WHAT TO DO »
An exact reproduction of the listing is wanted, with the pictures dropped.

DATA SEGMENT »

<<<<

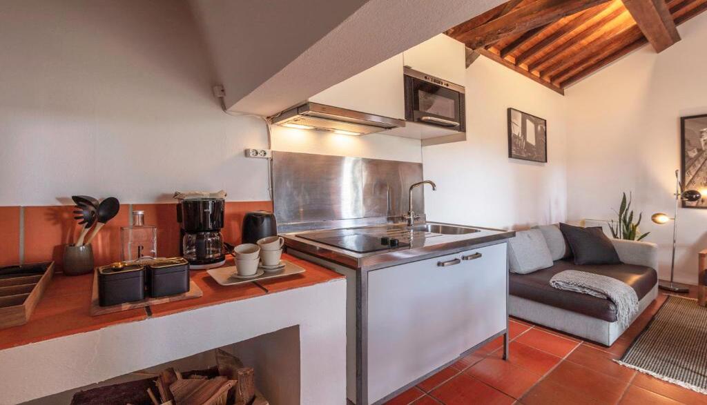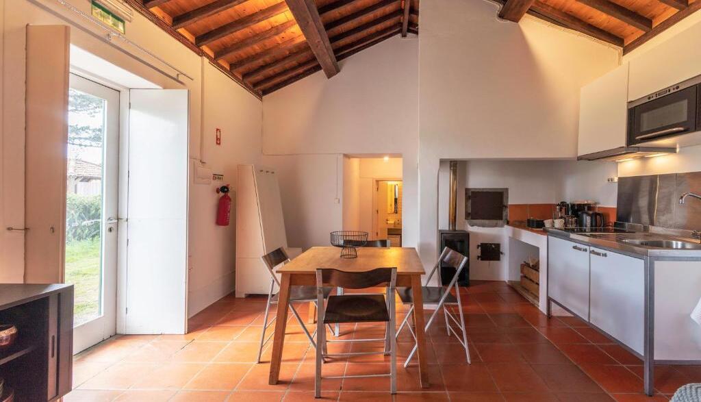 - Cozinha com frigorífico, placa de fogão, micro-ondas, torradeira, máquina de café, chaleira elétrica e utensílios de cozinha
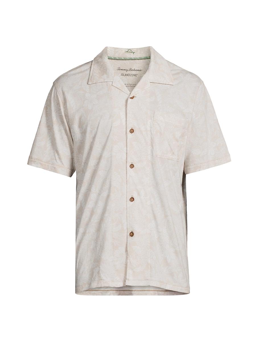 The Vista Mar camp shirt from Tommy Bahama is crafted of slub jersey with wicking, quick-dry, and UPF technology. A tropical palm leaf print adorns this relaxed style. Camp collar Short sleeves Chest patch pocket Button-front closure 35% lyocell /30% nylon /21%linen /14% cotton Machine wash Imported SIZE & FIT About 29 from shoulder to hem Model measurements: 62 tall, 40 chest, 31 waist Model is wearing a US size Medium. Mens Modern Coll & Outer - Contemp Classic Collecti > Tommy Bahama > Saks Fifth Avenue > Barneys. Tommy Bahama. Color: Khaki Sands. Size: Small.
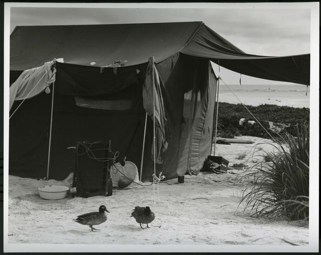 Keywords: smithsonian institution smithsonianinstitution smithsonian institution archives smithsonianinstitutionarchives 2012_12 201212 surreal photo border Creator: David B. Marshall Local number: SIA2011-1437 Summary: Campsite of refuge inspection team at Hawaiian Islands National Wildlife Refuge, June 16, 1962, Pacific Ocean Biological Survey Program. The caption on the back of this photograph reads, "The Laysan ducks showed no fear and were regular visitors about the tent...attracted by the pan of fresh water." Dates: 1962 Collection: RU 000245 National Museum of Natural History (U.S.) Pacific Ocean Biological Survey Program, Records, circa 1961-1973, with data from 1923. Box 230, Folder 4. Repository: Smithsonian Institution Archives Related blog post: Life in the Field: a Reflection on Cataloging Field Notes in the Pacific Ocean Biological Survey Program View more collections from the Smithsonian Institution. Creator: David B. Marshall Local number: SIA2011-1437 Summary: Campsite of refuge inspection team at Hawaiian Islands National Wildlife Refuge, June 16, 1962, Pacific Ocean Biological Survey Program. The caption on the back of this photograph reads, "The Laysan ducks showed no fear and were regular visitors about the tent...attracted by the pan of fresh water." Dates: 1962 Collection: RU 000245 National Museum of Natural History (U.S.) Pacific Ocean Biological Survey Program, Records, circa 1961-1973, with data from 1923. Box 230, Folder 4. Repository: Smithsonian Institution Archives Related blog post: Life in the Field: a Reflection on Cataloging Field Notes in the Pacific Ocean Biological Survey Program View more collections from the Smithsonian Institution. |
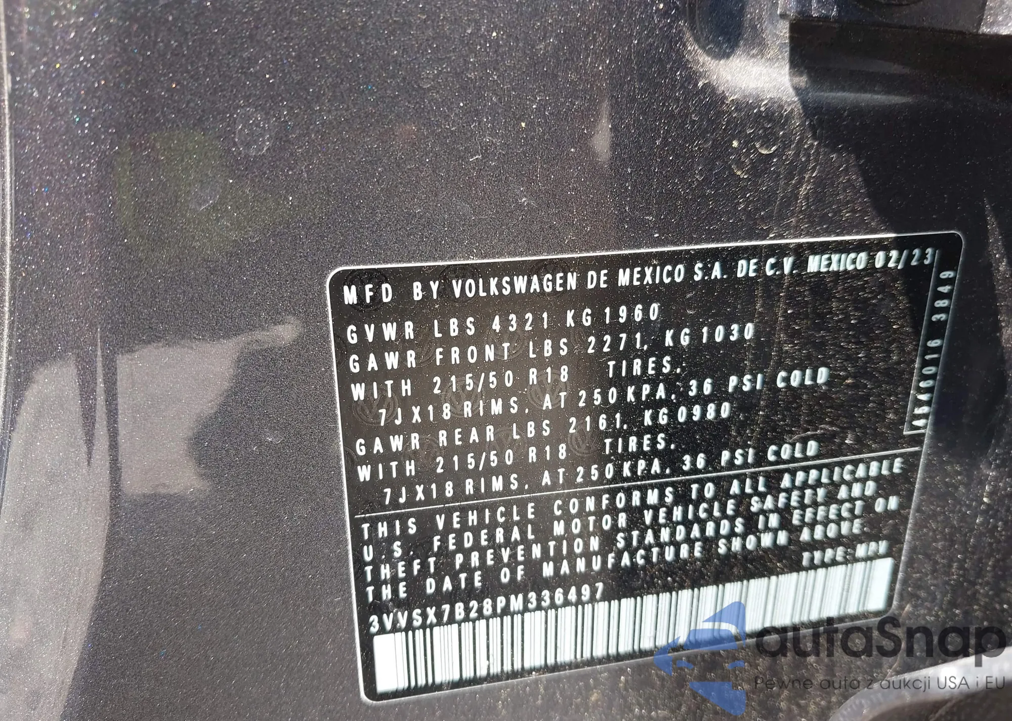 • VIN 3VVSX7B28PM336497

>>>>

REPLY TO THE TASK »
 - Cozinha com frigorífico, placa de fogão, micro-ondas, torradeira, máquina de café, chaleira elétrica e utensílios de cozinha
 The Vista Mar camp shirt from Tommy Bahama is crafted of slub jersey with wicking, quick-dry, and UPF technology. A tropical palm leaf print adorns this relaxed style. Camp collar Short sleeves Chest patch pocket Button-front closure 35% lyocell /30% nylon /21%linen /14% cotton Machine wash Imported SIZE & FIT About 29 from shoulder to hem Model measurements: 62 tall, 40 chest, 31 waist Model is wearing a US size Medium. Mens Modern Coll & Outer - Contemp Classic Collecti > Tommy Bahama > Saks Fifth Avenue > Barneys. Tommy Bahama. Color: Khaki Sands. Size: Small.
 Keywords: smithsonian institution smithsonianinstitution smithsonian institution archives smithsonianinstitutionarchives 2012_12 201212 surreal photo border Creator: David B. Marshall Local number: SIA2011-1437 Summary: Campsite of refuge inspection team at Hawaiian Islands National Wildlife Refuge, June 16, 1962, Pacific Ocean Biological Survey Program. The caption on the back of this photograph reads, "The Laysan ducks showed no fear and were regular visitors about the tent...attracted by the pan of fresh water." Dates: 1962 Collection: RU 000245 National Museum of Natural History (U.S.) Pacific Ocean Biological Survey Program, Records, circa 1961-1973, with data from 1923. Box 230, Folder 4. Repository: Smithsonian Institution Archives Related blog post: Life in the Field: a Reflection on Cataloging Field Notes in the Pacific Ocean Biological Survey Program View more collections from the Smithsonian Institution. Creator: David B. Marshall Local number: SIA2011-1437 Summary: Campsite of refuge inspection team at Hawaiian Islands National Wildlife Refuge, June 16, 1962, Pacific Ocean Biological Survey Program. The caption on the back of this photograph reads, "The Laysan ducks showed no fear and were regular visitors about the tent...attracted by the pan of fresh water." Dates: 1962 Collection: RU 000245 National Museum of Natural History (U.S.) Pacific Ocean Biological Survey Program, Records, circa 1961-1973, with data from 1923. Box 230, Folder 4. Repository: Smithsonian Institution Archives Related blog post: Life in the Field: a Reflection on Cataloging Field Notes in the Pacific Ocean Biological Survey Program View more collections from the Smithsonian Institution. |
 • VIN 3VVSX7B28PM336497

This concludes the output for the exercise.